▸ DATA BELOW
'''
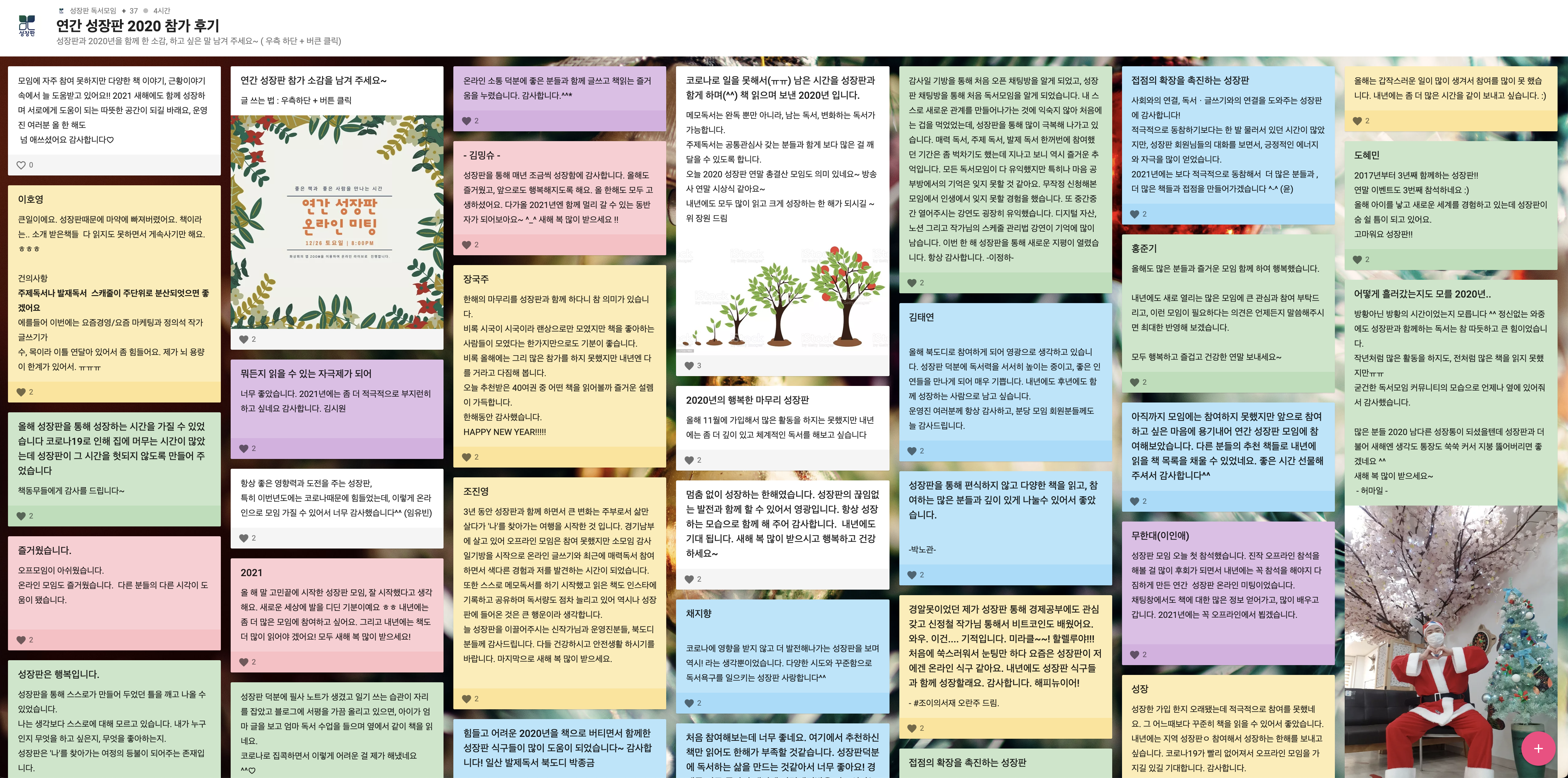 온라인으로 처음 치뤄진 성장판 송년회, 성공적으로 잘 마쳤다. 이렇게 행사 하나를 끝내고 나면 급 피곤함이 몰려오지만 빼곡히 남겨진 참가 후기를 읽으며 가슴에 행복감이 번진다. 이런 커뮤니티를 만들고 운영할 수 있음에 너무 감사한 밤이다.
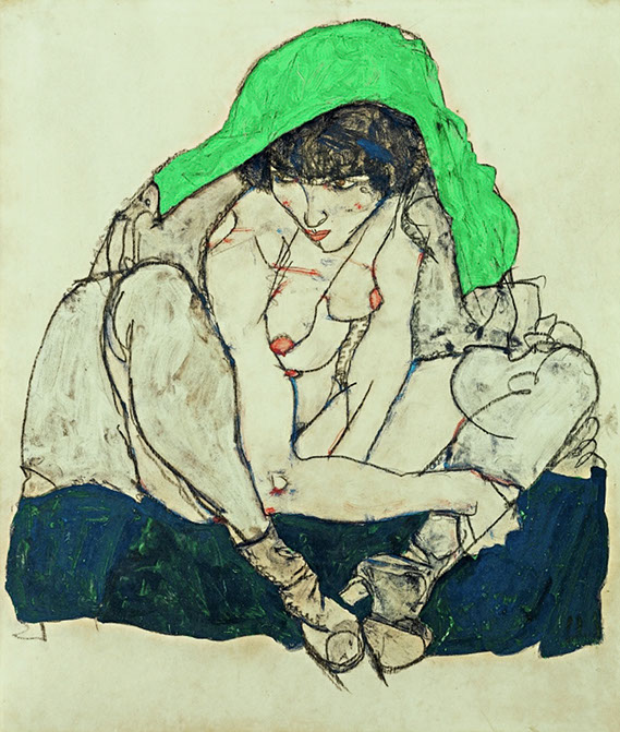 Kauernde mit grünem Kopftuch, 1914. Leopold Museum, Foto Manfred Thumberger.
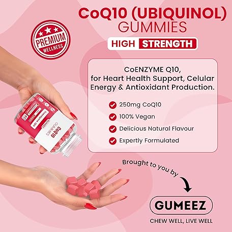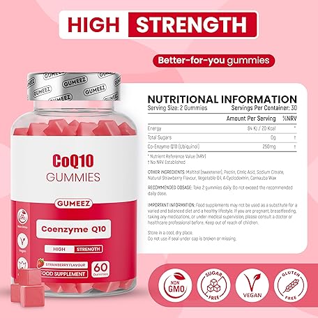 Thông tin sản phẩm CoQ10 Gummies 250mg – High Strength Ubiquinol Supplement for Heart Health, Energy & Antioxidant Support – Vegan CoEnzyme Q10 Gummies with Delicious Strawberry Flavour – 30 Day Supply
'''
▸ WHAT IS REQUIRED
Please give all of the material again, exactly, without the images.

▸ EXERCISE RESULT
 온라인으로 처음 치뤄진 성장판 송년회, 성공적으로 잘 마쳤다. 이렇게 행사 하나를 끝내고 나면 급 피곤함이 몰려오지만 빼곡히 남겨진 참가 후기를 읽으며 가슴에 행복감이 번진다. 이런 커뮤니티를 만들고 운영할 수 있음에 너무 감사한 밤이다.
 Kauernde mit grünem Kopftuch, 1914. Leopold Museum, Foto Manfred Thumberger.
 Thông tin sản phẩm CoQ10 Gummies 250mg – High Strength Ubiquinol Supplement for Heart Health, Energy & Antioxidant Support – Vegan CoEnzyme Q10 Gummies with Delicious Strawberry Flavour – 30 Day Supply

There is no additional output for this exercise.